Jerome: The Lord therefore sorrowed not from fear of suffering, for for this cause He had come that He should suffer, and had rebuked Peter for his fearfulness; [marg. note: Matt 14:40] but for the wretched Judas, for the offence of the rest of the Apostles, for the rejection and reprobation of the Jewish nation, and the overthrow of unhappy Jerusalem.

Damas., Fid. Orth., iii, 23: Or otherwise; All things which have not yet been brought into existence by their Maker have a natural desire of existence, and naturally shun non-existence. God the Word then, having been made Man, had this desire, through which He desired food, drink, and sleep, by which life is supported, and naturally used them, and contrariwise shunned the things that are destructive of life. Hence in the season of His Passion which He endured voluntarily, He had the natural fear and sorrow for death. For there is a natural fear wherewith the soul shrinks from separation from the body, by reason of that close sympathy implanted from the first by the Maker of all things.

Jerome: Our Lord therefore sorrowed to prove the reality of the Man which He had taken upon Him; but that passion might bear no sway in His mind, "He began to be sorrowful" by pro-passion [ed. note: see ch. 5, page 185]; for it is one thing to be sorrowful, and another to be very sorrowful.

Remig.: By this place are overthrown the Manichaeans, who said that He took an unreal body; and those also who said that He had not a real soul, but His Divinity in place of a soul. [marg. note: e.g. Apollinaris]

Aug., Lib. 83 Quaest.
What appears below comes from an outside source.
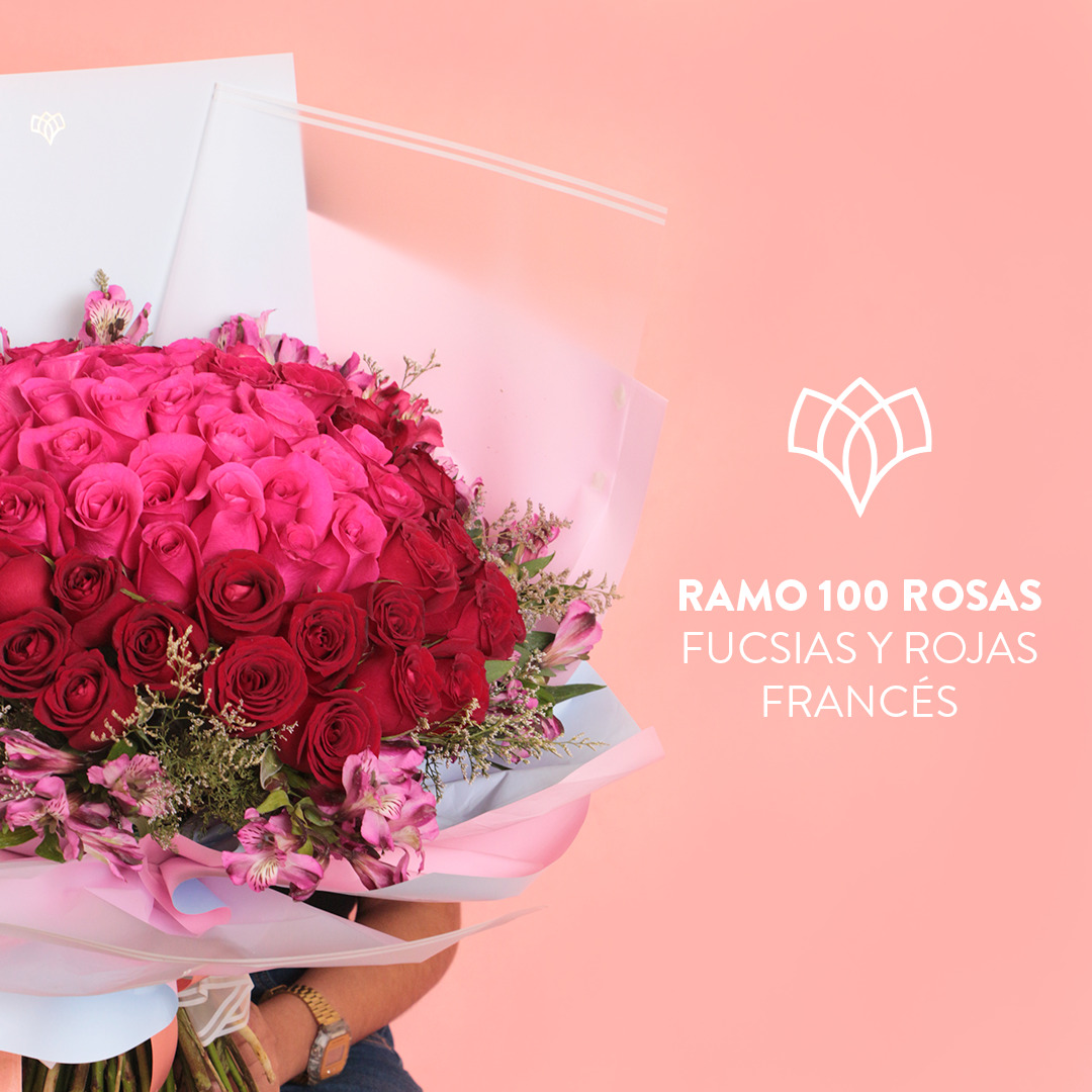 Basado en la expresión de la diversión, el ramo francés con 100 rosas rojas busca una composición casi perfecta, al formar un medio circulo con base de lirios y naturaleza para complementar. Envuelto en un arreglo con tonos fucsia en combinación de las flores. Apropiado para eventos de etiqueta, celebrar aniversarios, generar conmoción en graduaciones y provocar lágrimas en cumpleaños.

Q80: We have the narratives of the Evangelists, by which we know that Christ was both born of the Blessed Virgin Mary, was seized by the Jews, scourged, crucified, put to death, and buried in a tomb, all which cannot be supposed to have taken place without a body, and not even the maddest will say that these things are to be understood figuratively, when they are told by men who wrote what they remembered to have happened.
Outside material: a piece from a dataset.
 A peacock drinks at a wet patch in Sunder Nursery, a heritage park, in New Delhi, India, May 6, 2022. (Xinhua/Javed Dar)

These then are witnesses that He had a body, as those affections which cannot be without mind prove Him to have had a mind, and which we read in the accounts of the same Evangelists, that Jesus wondered, was angry, was sorrowful.

Aug., City of God, book xiv, ch. 9: Since then these things are related in the Evangelists, they are not surely false, but as when He willed He became Man, so likewise when He willed He took into His human soul these passions for the sake of adding assurance to the dispensation. We indeed have these passions by reason of the weakness of our human nature; not so the Lord Jesus, whose weakness was of power.
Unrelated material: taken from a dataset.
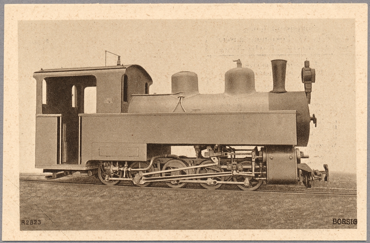Ånglok. Loket är tillverkat 1939 av A. Borsig och har spårbredden 600. Tillverkningsnumret är 14806. Axelföljden är E.

Damas., Fid. Orth., iii, 20: Wherefore the passions of our nature were in Christ both by nature and beyond nature. By nature, because He left His flesh to suffer the things incidental to it; beyond nature, because these natural emotions did not in Him precede the will. For in Christ nothing befel of compulsion, but all was voluntary; with His will He hungered, with His will He feared, or was sorrowful.

Here His sorrow is declared, "Then saith he unto them, My soul is sorrowful even unto death."

Ambrose, in Luc. 23, 43: He is sorrowful, yet not Himself, but His soul; not His Wisdom, not His divine Substance, but His soul, for He took upon Him my soul, and my body.

Jerome: He is sorrowful not because of death, but "unto death," until He has set the Apostles free by His Passion. Let those who imagine Jesus to have taken an irrational soul, say how it is that He is thus sorrowful, and knows the season of His sorrow, for though the brute animals have sorrow, yet they know neither the causes of it, nor the time for which it must endure.

Origen: Or otherwise; "My soul is sorrowful even unto death;" as much as to say, Sorrow is begun in me, but not to endure for ever, but only till the hour of death; that when I shall die for sin, I shall die also to all sorrow, whose beginnings only are in me. "Tarry ye here, and watch with me;" as much as to say, The rest I bade sit yonder as weak, removing them from this struggle; but you I have brought hither as being stronger, that ye may toil with me in watching and prayer. But abide you here, that every man may stay in his own rank and station; since all grace, however great, has its superior.

Jerome: Or the sleep which He would have them forego is not bodily rest, for which at this critical time there was no room, but mental torpor, the sleep of unbelief.